_Problem_:
Repeat exactly the lines of the material below that run from the "Buyuk Boy Kuş" line to the "Khaki Set aus" line, including both, and do not carry over any pictures.

_The records_:
.....

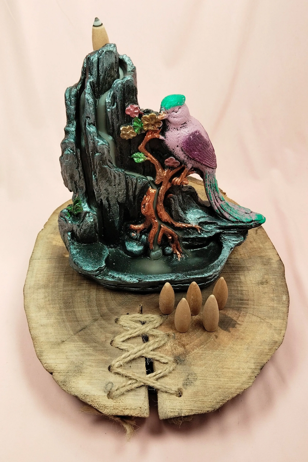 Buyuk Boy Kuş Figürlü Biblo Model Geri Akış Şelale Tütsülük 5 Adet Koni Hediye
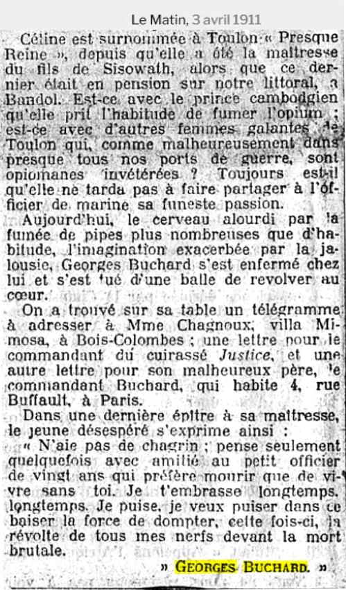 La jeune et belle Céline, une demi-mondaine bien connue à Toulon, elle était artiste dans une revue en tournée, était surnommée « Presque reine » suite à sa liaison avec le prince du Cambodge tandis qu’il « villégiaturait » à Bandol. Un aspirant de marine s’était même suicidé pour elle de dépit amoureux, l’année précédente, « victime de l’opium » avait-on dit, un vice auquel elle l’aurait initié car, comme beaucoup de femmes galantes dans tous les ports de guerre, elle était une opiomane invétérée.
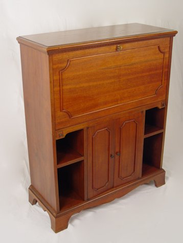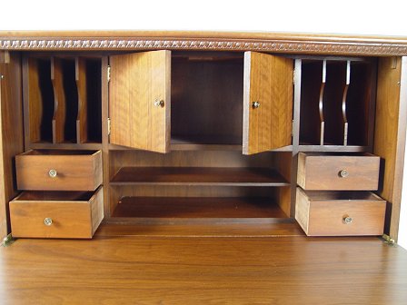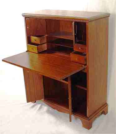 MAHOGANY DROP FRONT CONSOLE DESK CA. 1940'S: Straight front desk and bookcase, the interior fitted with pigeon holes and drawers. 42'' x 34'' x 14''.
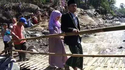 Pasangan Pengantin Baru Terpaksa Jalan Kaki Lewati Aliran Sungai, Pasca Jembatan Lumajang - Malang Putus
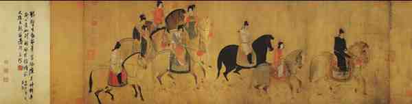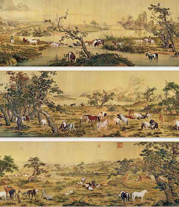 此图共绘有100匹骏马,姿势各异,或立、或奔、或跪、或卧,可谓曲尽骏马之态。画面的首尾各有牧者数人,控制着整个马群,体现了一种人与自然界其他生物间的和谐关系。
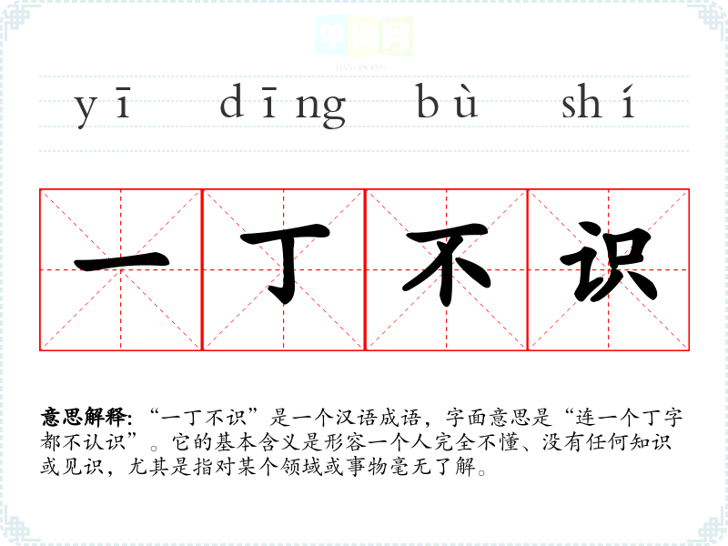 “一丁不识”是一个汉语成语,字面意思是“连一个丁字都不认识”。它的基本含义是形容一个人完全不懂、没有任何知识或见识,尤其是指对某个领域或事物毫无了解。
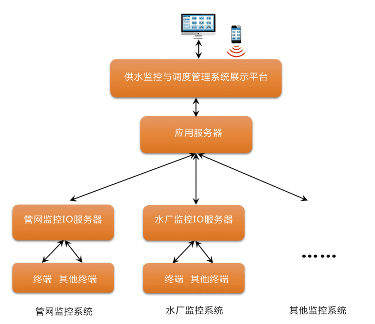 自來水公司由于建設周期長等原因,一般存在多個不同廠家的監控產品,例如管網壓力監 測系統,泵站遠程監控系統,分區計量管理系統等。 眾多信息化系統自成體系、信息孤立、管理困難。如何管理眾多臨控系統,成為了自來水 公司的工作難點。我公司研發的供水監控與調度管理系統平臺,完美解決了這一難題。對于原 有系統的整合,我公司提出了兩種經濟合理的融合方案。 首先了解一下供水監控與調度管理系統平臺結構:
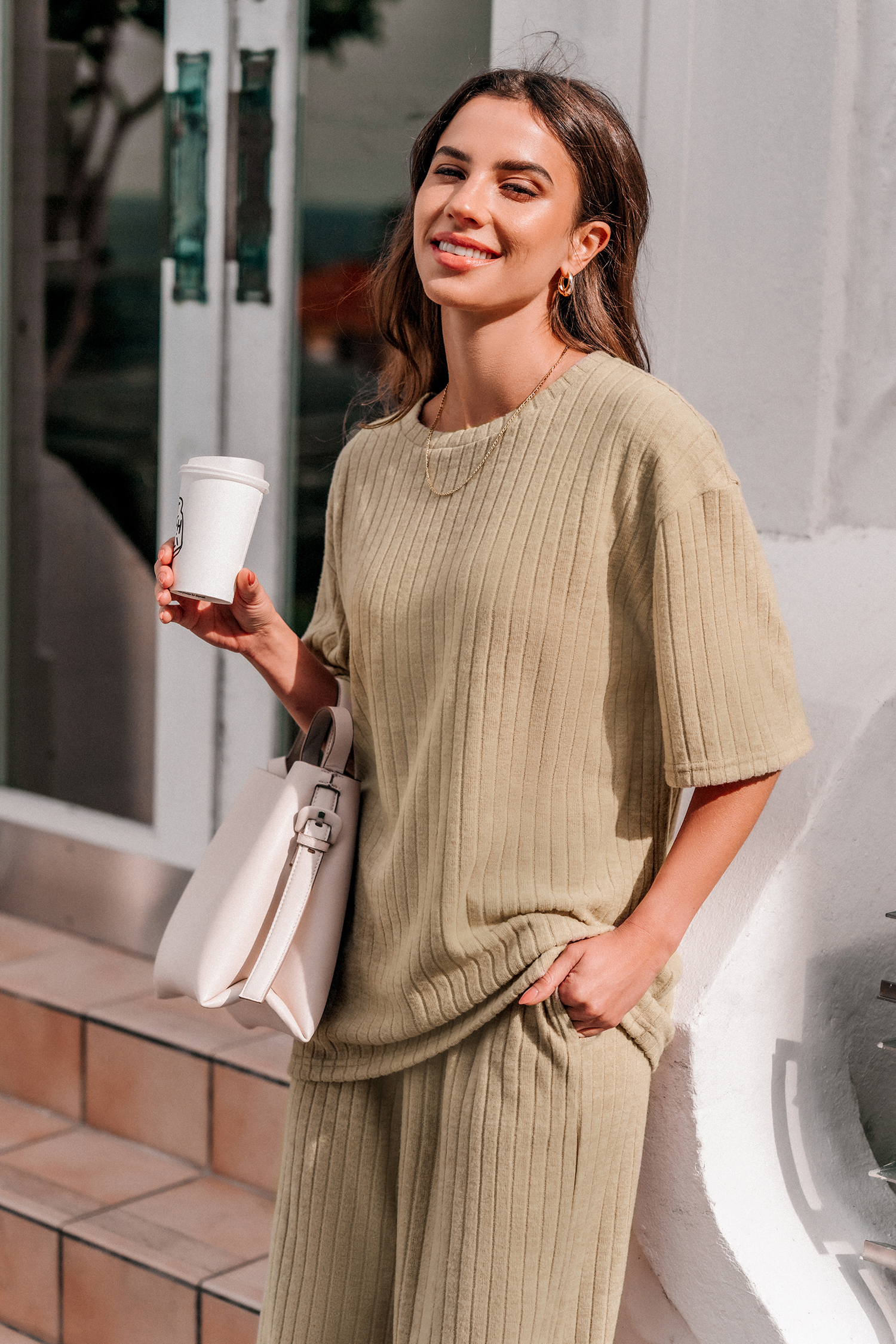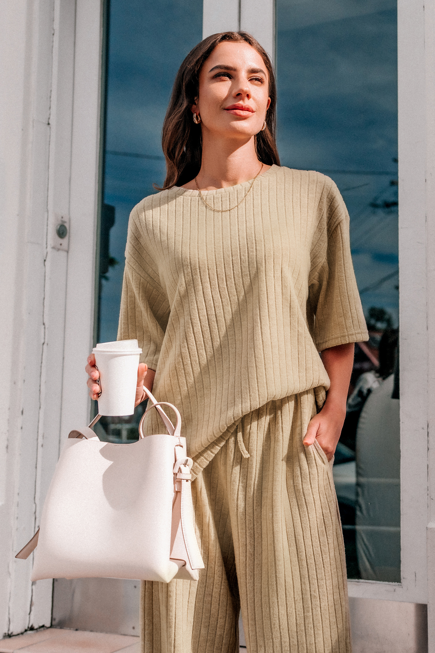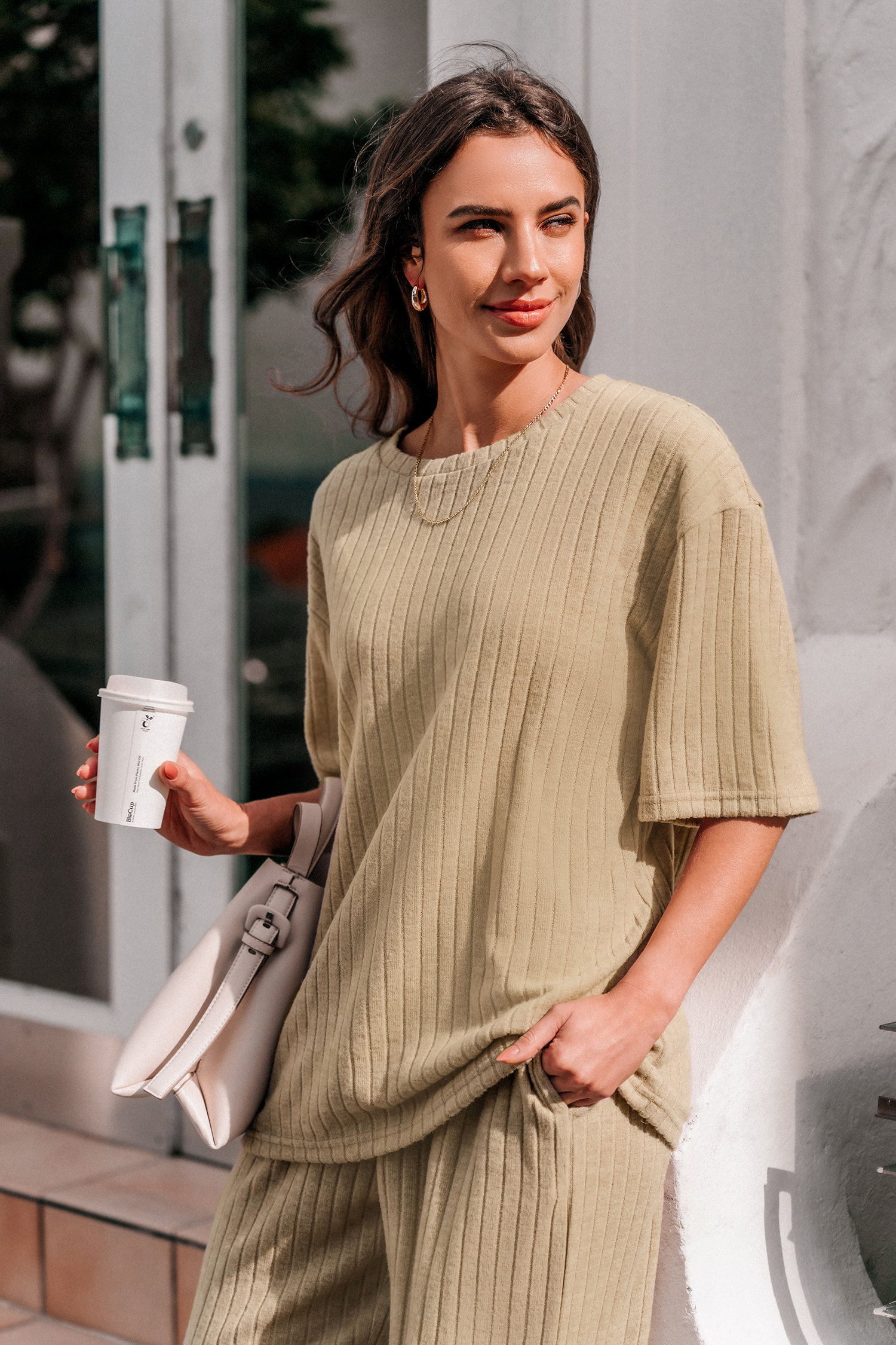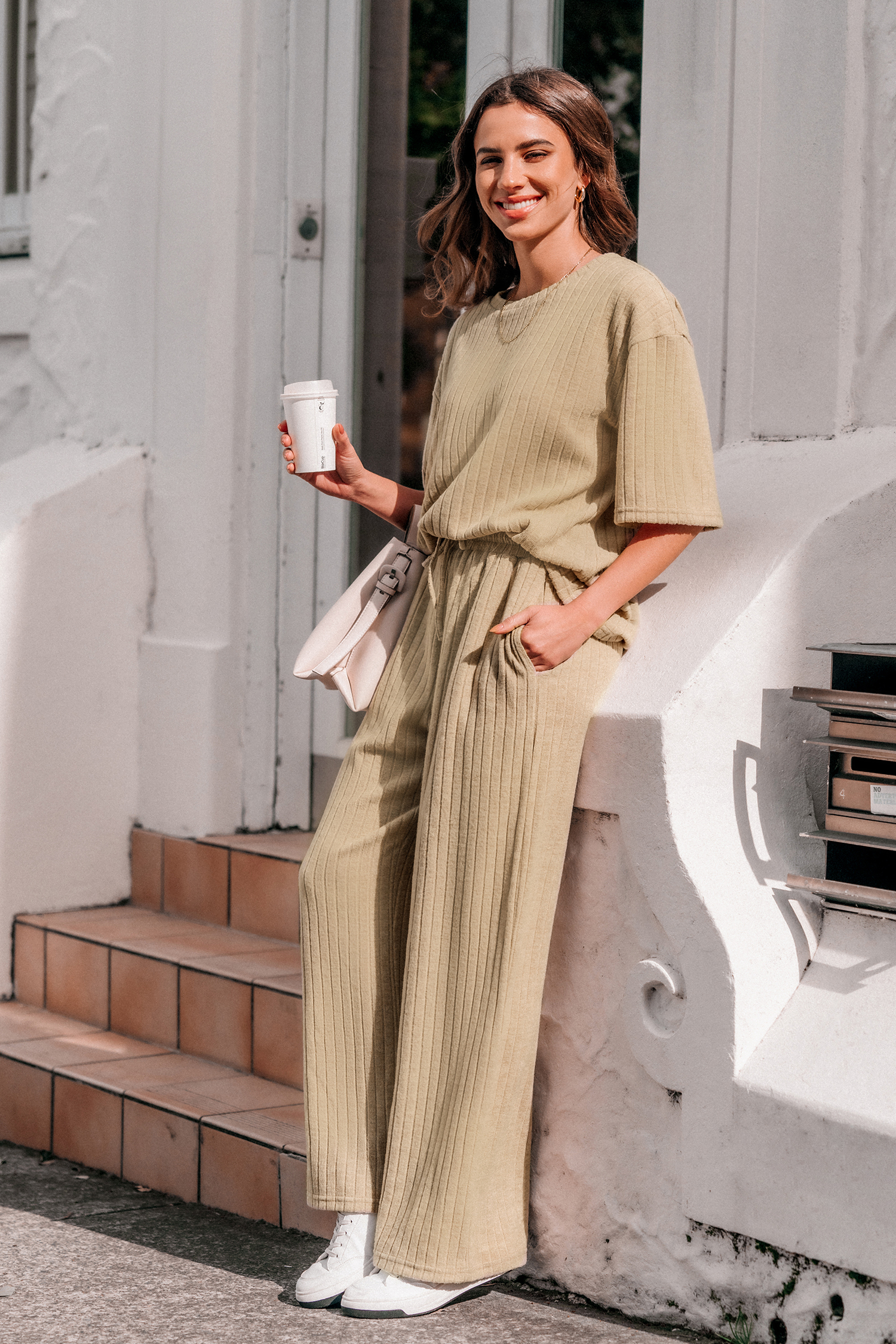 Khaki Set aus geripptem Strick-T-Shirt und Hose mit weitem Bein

.....

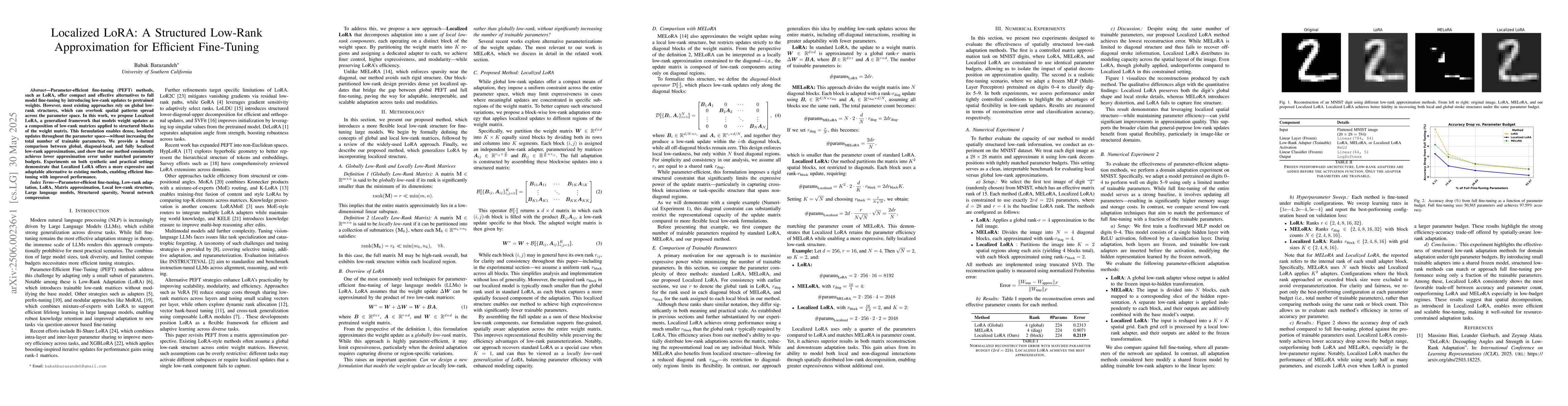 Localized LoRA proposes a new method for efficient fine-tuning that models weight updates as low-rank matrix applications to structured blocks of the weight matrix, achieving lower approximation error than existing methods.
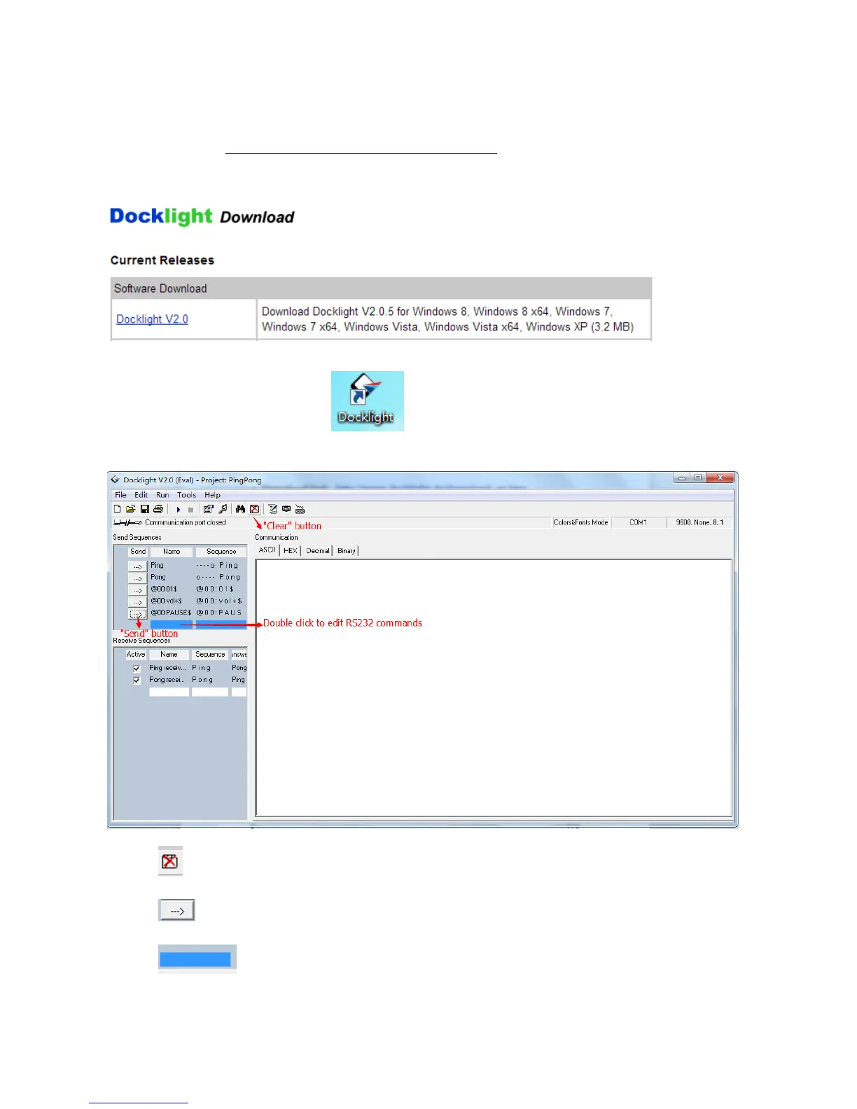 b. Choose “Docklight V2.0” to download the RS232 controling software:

.....

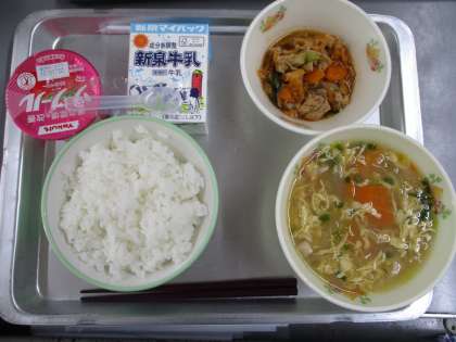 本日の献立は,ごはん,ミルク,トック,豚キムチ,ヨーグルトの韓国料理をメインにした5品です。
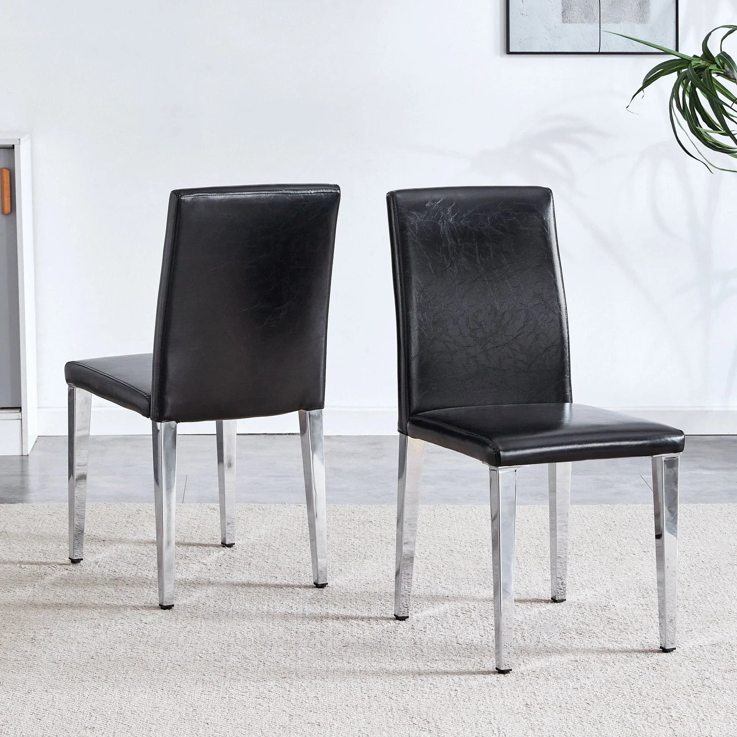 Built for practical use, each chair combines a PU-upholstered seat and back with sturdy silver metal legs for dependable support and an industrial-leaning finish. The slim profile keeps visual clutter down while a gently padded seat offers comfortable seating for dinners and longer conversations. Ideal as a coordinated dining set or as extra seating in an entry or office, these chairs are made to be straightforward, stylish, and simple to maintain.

.....

_Reply_:
 Buyuk Boy Kuş Figürlü Biblo Model Geri Akış Şelale Tütsülük 5 Adet Koni Hediye
 La jeune et belle Céline, une demi-mondaine bien connue à Toulon, elle était artiste dans une revue en tournée, était surnommée « Presque reine » suite à sa liaison avec le prince du Cambodge tandis qu’il « villégiaturait » à Bandol. Un aspirant de marine s’était même suicidé pour elle de dépit amoureux, l’année précédente, « victime de l’opium » avait-on dit, un vice auquel elle l’aurait initié car, comme beaucoup de femmes galantes dans tous les ports de guerre, elle était une opiomane invétérée.
 MAHOGANY DROP FRONT CONSOLE DESK CA. 1940'S: Straight front desk and bookcase, the interior fitted with pigeon holes and drawers. 42'' x 34'' x 14''.
 Pasangan Pengantin Baru Terpaksa Jalan Kaki Lewati Aliran Sungai, Pasca Jembatan Lumajang - Malang Putus
 此图共绘有100匹骏马,姿势各异,或立、或奔、或跪、或卧,可谓曲尽骏马之态。画面的首尾各有牧者数人,控制着整个马群,体现了一种人与自然界其他生物间的和谐关系。
 “一丁不识”是一个汉语成语,字面意思是“连一个丁字都不认识”。它的基本含义是形容一个人完全不懂、没有任何知识或见识,尤其是指对某个领域或事物毫无了解。
 自來水公司由于建設周期長等原因,一般存在多個不同廠家的監控產品,例如管網壓力監 測系統,泵站遠程監控系統,分區計量管理系統等。 眾多信息化系統自成體系、信息孤立、管理困難。如何管理眾多臨控系統,成為了自來水 公司的工作難點。我公司研發的供水監控與調度管理系統平臺,完美解決了這一難題。對于原 有系統的整合,我公司提出了兩種經濟合理的融合方案。 首先了解一下供水監控與調度管理系統平臺結構:
 Khaki Set aus geripptem Strick-T-Shirt und Hose mit weitem Bein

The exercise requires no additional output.